In December 2023, Altice USA sold Cheddar to the media company Archetype, which is owned by private equity firm Regent LP.

==Channels==
- Cheddar Business (January 2019 – June 2020) formerly Cheddar (April 2016—January 2019) financial news
- Cheddar News (January 2019 – present) formerly Cheddar Big News (April 2018—January 2019) general news
- Cheddar on Snapchat (April 2018—2019) financial and general news on Snapchat Discover
- CheddarU (May 2018—2024) started with the purchase of MTV Networks on Campus and was part of the new ChedNet

==Programs==
- Wake Up with Cheddar - (2019-2023) daily morning show featuring business and technology news anchored by Baker Machado
- Cheddar Life - a series featuring business and technology news while adding in lifestyle news (health, wellness, and fashion)
- Closing Bell - a two-hour show
- Extra Sharp (May 18-November 2016; suspended) – series produced in cooperation with Bustle, and based on its app, with initial shows hosted by Bustle Editor-In-Chief Kate Ward and contributor Erika Turner on the floor of the New York Stock Exchange
- VF Hive on Cheddar (February 19, 2017 – 2018) - streams on Facebook Live of Cheddar and Vanity Fair, Cheddar linear channel and Condé Nast Entertainment digital channel
- Cheddar Local (July 27, 2017—2023) 1 to 2 minute business news segments taped twice daily to be inserted into local news programs
- Cheddar NYC (October 2018—2019) half-hour weekdays news program on CUNY TV.

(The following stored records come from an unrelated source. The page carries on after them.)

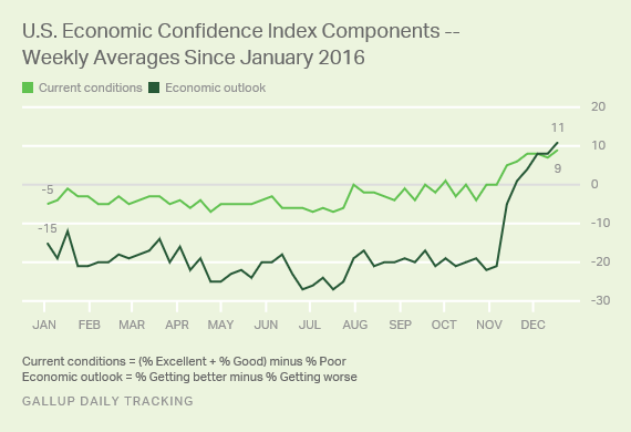 From Gallup: “U.S. Economic Confidence Index averaged +10 for the week ending Dec. 18, marking another new high in its nine-year trend.”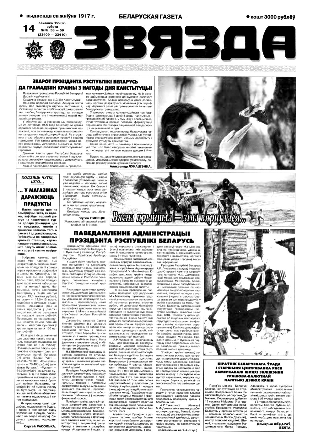 «Звязда» — Беларуская газэта. Выходзіць 250 разоў на год. Аўтары апублікаваных матэрыялаў нясуць адказнасць за падбор і дакладнасць фактаў. Іх меркаванні неабавязкова адлюстроўваюць пункт гледжання рэдакцыі. Болей »
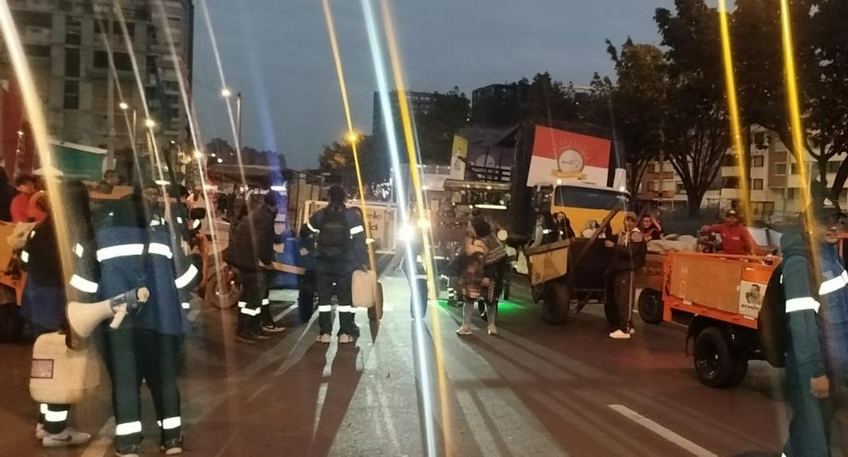 La protesta es protagonizada por recicladores que manifiestan su inconformidad con la Alcaldía de Bogotá. Según lo señalado por los manifestantes, el motivo principal del bloqueo es el retiro del material reciclable que recolectan, lo que afecta directamente su sustento diario y pone en riesgo su actividad económica.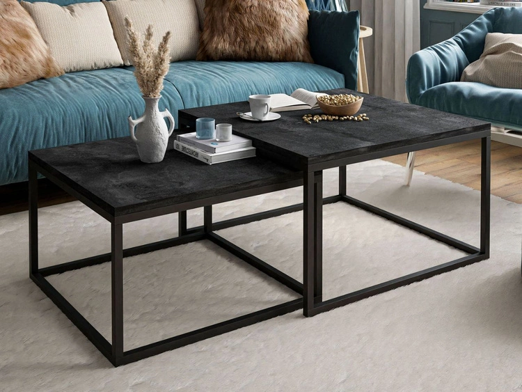 Stolik kawowy na czarnym metalowym stelażu z czarnym blatem Asumi 40x46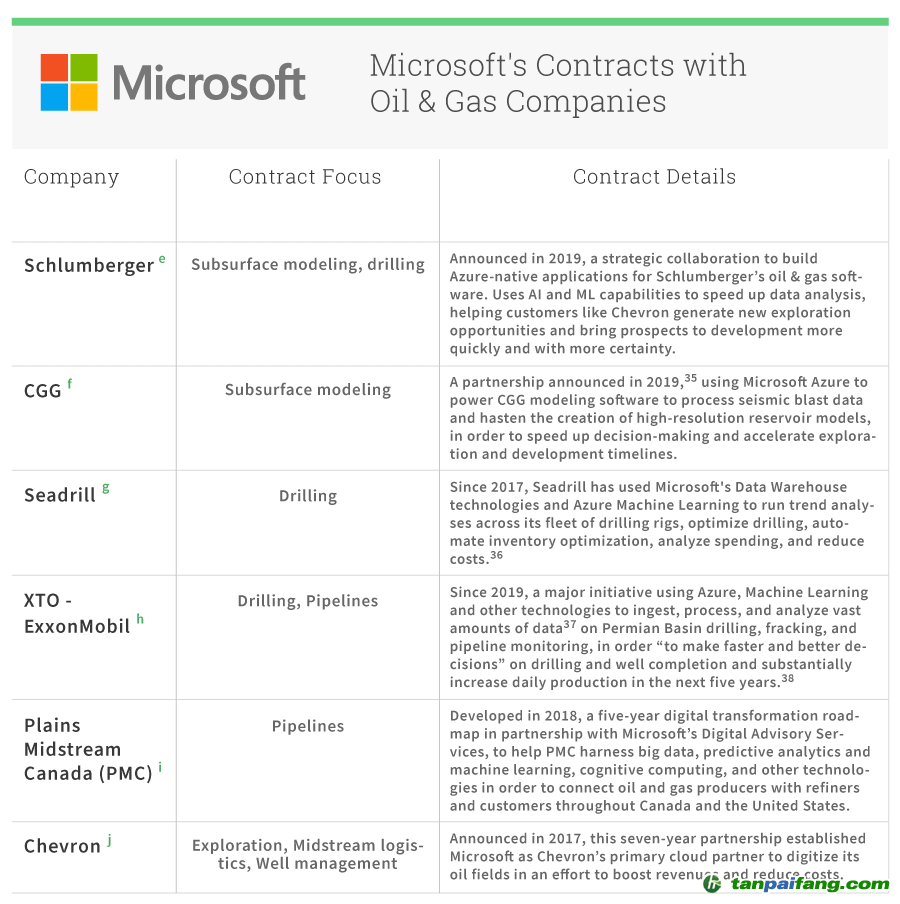 在油氣生產(chǎn)的每個(gè)階段都可以找到這些技術(shù)公司與油氣公司之間的合同,嚴(yán)重?fù)p害了像微軟、Google和Amazon這樣的公司所作的氣候承諾。

Weather forecasts are provided by The Weather Company through its Local Now brand, as part of a content-sharing agreement between Cheddar and The Weather Company.

==Over-the-air affiliates==
From 2017 to 2019, Cheddar had a brokered programming agreement with five stations owned by DTV America Corporation to carry the channel over-the-air. As of May 2019, that agreement has expired. As of 3 June 2020, the network has over 42 stations, all of which are owned by DTV America parent company HC2 Holdings.